Part of the appeal of The Count Basie Orchestra is its dynamics. Its
containment of power, as the band’s sections blend a broad spectrum of
harmonization until its full strength is realized, never fails to
fulfill audience expectations. Barnhart’s addition to the Basie
Orchestra’s repertoire, “Tequila,” certainly lives up to that
reputation. Muted trumpets, conguero Luisito Quintero and guitarist Will
Matthews introduce the danceability of the composition. And then
trumpeter Jon Faddis comes in, initially understated in Dizzy terms,
before moving chorus by chorus into even more combustible territory. His
medium-volume start evolves into an exciting finish of unrestrained
might, an open trumpet section’s is-it-live-or-is-it-Memorem? Volume,
and Faddis’s stratospheric high notes.
All About That Basie recollects the band leader’s early
years as Jamie Davis pays a vocalist’s tribute to his respected
influence, Jimmy Rushing, whose Kansas City singing experience included
years with Walter Page’s Blue Devils and Bennie Moten’s band before
joining Basie’s. Accompanied by the band’s shuffle beat, with licks
provided by trumpeter Barnhart and saxophonist Rickey Woodard, baritone
blues singer Davis engages audiences with direct appeal, telling stories
through singing, and then moving into a spoken plea for listeners to
“come back to me.”
Similarly, Take Six re-interprets the mid-fifties Basie/Joe Williams
hit, “Everyday I Have the Blues,” with impeccable Gene Puerling-like
harmonies as the Basie band, all the while, provides the accented
punches and a pulsating irresistible swing. Wycliffe Gordon makes
memorable the Orchestra’s new arrangement of Earth Wind and Fire’s
“Can’t Hide Love,” not as a replication of the melody, but as a
plunger-muted, trombone-talking takeoff into highest-quality
instrumental adaptation.
Yet another highlight of the album is Stevie Wonder’s participation
with the Orchestra in performing harmonica on, but not singing, his own
song, “My Cherie Amour.” The musical palette for the arrangement already
existed on albums like The Atomic Mr. Basie, which included Neal Hefti’s inimitable arrangements.
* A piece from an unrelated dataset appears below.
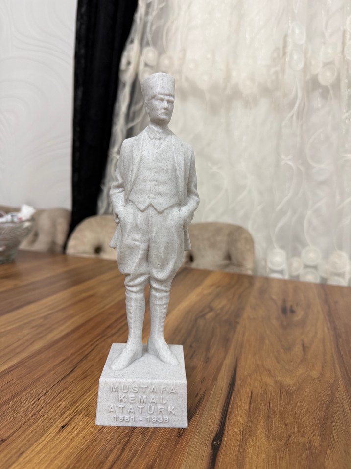Gri ve beyaz renkte, elleri cebinde duran Mustafa Kemal Atatürk figürü. Üzerinde adı ve yaşam yılları (1881-1938) yazılı kaide bulunur. Sıfır ürün 25 cm boyutunda istenilen renk yapılır

Except
for the all-out back-beat swing of the track’s final choruses, Wonder
plays harmonica throughout over the “Li’l Darlin’”-like unrushed,
unified sound, unmistakable as Basie’s.
As a drummer not only with The Count Basie Orchestra, but also with
Frank Sinatra, Ella Fitzgerald and Stevie Wonder, Concord Records
producer Gregg Field recognized through personal experience the
significance of Basie as a musical icon in American music. If only
Basie, who developed the orchestra’s distinctive sound, were still
recording. But his Orchestra is. Along with Barnhart, who has
kept The Count Basie Orchestra’s vitality undiminished, Field was made
available yet another reminder of the gentle force of the Orchestra that
has endeared it to audiences for decades.